Asked what her impressions were of the report, Derleth said, ““I hope it does make more of the public out there aware of how important it (the hardwood industry) is.”
Moistner said the Indiana region that utilizes the most hardwoods for manufacturing is the south central area. He described that region as stretching from north of Louisville, Kentucky, to Jasper.
He cited the 2015 $12 million Brown-Forman purchase and refurbishment of an old mill in Spencer to manufacture barrel staves and head pieces, as an example of how the state’s hardwoods are coveted for manufacturing. Brown-Forman owns the whisky brands Jack Daniels, Old Forester and Southern Comfort as well as others.
The second largest use of hardwoods occurs in the north central part of Indiana. That’s where the recreational vehicle industry is based in Elkhart and LaGrange counties. The RVs are filled with cabinets, trim and tables, resulting in a demand for durable hardwoods.
Wible Lumber in the small town of South Milford in LaGrange County, provides kiln-dried hardwood boards to local shops that make furniture and wood products for the RV industry.
“Our shipments, 80 percent or more, stay within LaGrange County, Elkhart County and down into Allen County,” said Andrew Carunchia, purchasing agent for Wible and a Lumbermens Association board member. “It is pretty local. It doesn’t get much more local than what we are doing.”
But the sources for those hardwoods are in Ohio, which shares a state line with Indiana about 35 miles to the east of Wible’s facility.
“We do a lot of small distributions,” he added. “We have a 24-foot box truck and stop at a dozen different Amish shops. They produce a good product and it will last. That is one of the things about the Hardwoods Strategy, it is to get people to buy hardwoods. You buy a hardwood table and it will last a lifetime.”

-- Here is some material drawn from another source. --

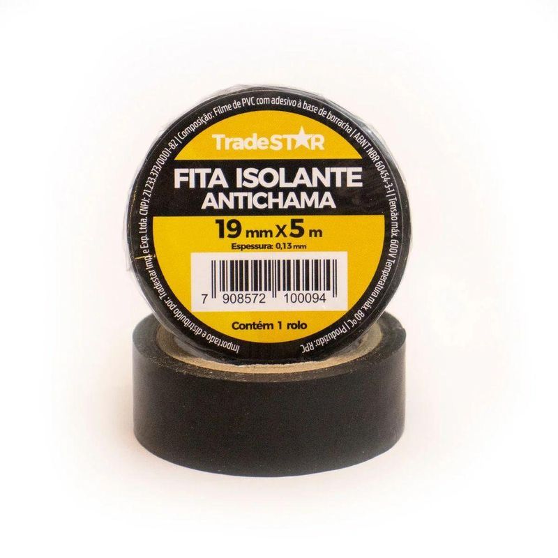Fita Isolante 19 Mm X 5 Metros TradestarFita Isolante Tradestar PVC Antichama Isolamento Elétrico 19 mm x 5 Metros PretaA Fita Isolante Tradestar PVC Antichama 19 mm x 5 metros é um item indispensável para qualquer profissional da área elétrica, instaladores, técnicos de manutenção ou até mesmo para quem gosta de realizar pequenos reparos e projetos domésticos. Fabricada em PVC de alta qualidade, esta fita foi desenvolvida para garantir segurança, resistência e praticidade, atendendo às principais necessidades de isolamento elétrico e organização de cabos.Com propriedades antichama, a fita proporciona uma camada de proteção extra contra riscos de curto-circuito e propagação de fogo, tornando-se ideal para aplicações em ambientes que exigem maior confiabilidade. Além disso, sua cor preta confere acabamento discreto e profissional, integrando-se facilmente a diferentes tipos de instalações.Outro diferencial é sua versatilidade de uso. Além da função principal de isolamento elétrico, a Fita Isolante Tradestar também pode ser aplicada na organização de fios e cabos, marcação de áreas, fixações temporárias e até mesmo em pequenos reparos emergenciais. Sua flexibilidade permite que se adapte tanto a superfícies lisas quanto irregulares, sem perder a capacidade de aderência.No quesito resistência, a fita é projetada para suportar até 600V de tensão elétrica e temperaturas de até 80°C, oferecendo segurança em condições de uso intensivo. Isso garante que ela possa ser aplicada em diferentes contextos sem comprometer a eficiência ou durabilidade.Seja para o uso doméstico em pequenas instalações, ou para o uso profissional em manutenções mais exigentes, a Fita Isolante Tradestar 19 mm x 5 m é a escolha certa para quem procura qualidade e confiança em uma ferramenta tão essencial.Especificações- Dimensões: 19 mm x 5 metros- Cor: Preta- Isolamento elétrico: até 600V- Temperatura máxima suportada: até 80°C- Indicação de uso: Isolamento elétrico, organização de cabos, fixação temporária e uso geralItens inclusos- 01 Rolo de Fita Isolante 19 mm x 5 Metros TradestarGarantia- 03 meses com o Fabricante NA

The authors of “Indiana Hardwood Assessment” included a list of “key findings.”
One of their suggestions for growing the industry is to have direct engagement with private forest landowners to inform them about forest management and the benefits/importance of periodic harvest of hardwoods.
Another suggestion is to develop a strategy for identifying and contacting private landowners and then encouraging them to work with professional foresters to grow healthy forests and harvest at appropriate times.
One finding will require a financial investment by the General Assembly and the Indiana Department of Natural Resources. The report suggests the DNR fill all open forester positions and to add more positions so the DNR is able to better talk to landowners about forest management.
“It is a challenge to educate folks,” Moistner said. “You have to get the word out through the DNR foresters.”
He estimated that five or six of the state’s 21 forester positions are vacant.
In the coming years, Moistner believes the study can be used as a guide to grow the state’s hardwood industry through action and eduction.
He said, “We don’t want this report and all this data to go into a binder and go up on a shelf.”